■ Assignment ■
The reply should hold only the lines from the one with "Ripon Building , the" to the one with "Take a look", both ends kept, exactly as they appear below, without any pictures.

■ Extracted entries ■
----------------

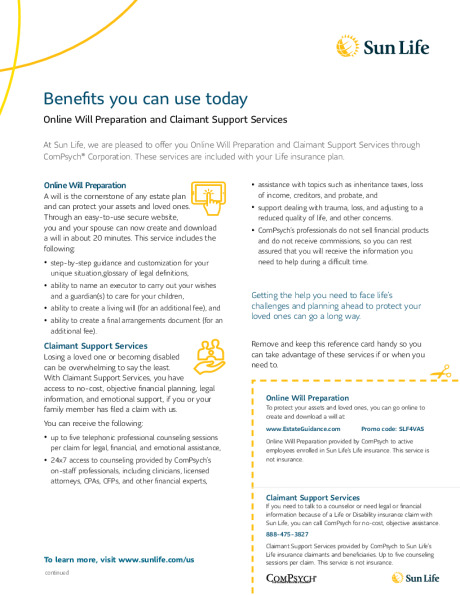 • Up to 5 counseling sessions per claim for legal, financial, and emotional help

----------------

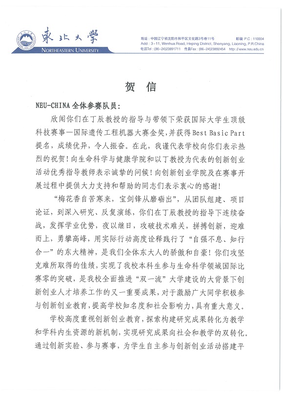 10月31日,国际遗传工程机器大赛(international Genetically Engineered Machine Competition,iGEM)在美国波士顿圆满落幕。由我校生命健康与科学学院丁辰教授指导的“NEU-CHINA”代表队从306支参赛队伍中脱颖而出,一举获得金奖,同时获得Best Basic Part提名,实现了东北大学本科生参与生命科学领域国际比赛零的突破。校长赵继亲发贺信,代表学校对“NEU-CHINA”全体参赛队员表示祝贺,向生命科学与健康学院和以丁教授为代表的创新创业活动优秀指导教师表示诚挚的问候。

----------------

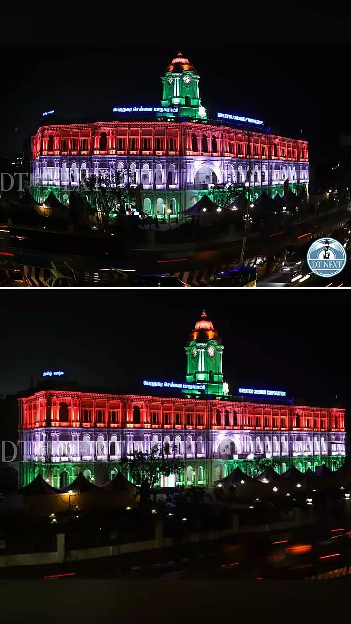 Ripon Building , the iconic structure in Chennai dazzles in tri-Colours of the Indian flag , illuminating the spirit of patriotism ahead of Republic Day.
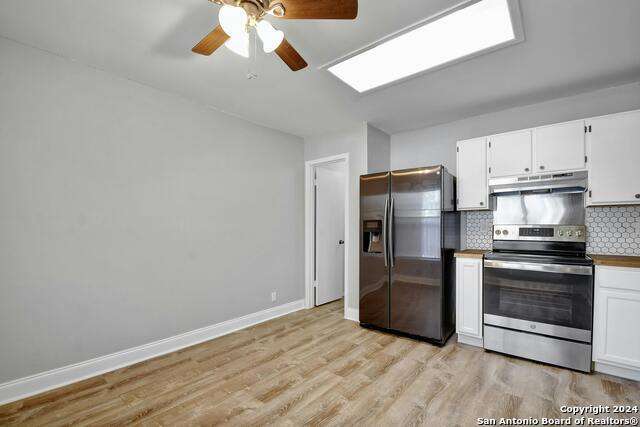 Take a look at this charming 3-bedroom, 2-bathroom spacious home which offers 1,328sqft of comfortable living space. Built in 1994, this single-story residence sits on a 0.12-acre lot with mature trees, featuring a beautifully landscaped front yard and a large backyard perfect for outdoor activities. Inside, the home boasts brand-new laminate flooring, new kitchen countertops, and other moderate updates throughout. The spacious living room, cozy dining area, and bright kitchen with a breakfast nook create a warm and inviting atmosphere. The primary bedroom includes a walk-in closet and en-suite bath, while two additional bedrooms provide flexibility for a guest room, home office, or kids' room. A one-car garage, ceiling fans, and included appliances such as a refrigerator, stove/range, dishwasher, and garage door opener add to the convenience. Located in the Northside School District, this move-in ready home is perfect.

----------------

■ Answer section ■
 Ripon Building , the iconic structure in Chennai dazzles in tri-Colours of the Indian flag , illuminating the spirit of patriotism ahead of Republic Day.
 Take a look at this charming 3-bedroom, 2-bathroom spacious home which offers 1,328sqft of comfortable living space. Built in 1994, this single-story residence sits on a 0.12-acre lot with mature trees, featuring a beautifully landscaped front yard and a large backyard perfect for outdoor activities. Inside, the home boasts brand-new laminate flooring, new kitchen countertops, and other moderate updates throughout. The spacious living room, cozy dining area, and bright kitchen with a breakfast nook create a warm and inviting atmosphere. The primary bedroom includes a walk-in closet and en-suite bath, while two additional bedrooms provide flexibility for a guest room, home office, or kids' room. A one-car garage, ceiling fans, and included appliances such as a refrigerator, stove/range, dishwasher, and garage door opener add to the convenience. Located in the Northside School District, this move-in ready home is perfect.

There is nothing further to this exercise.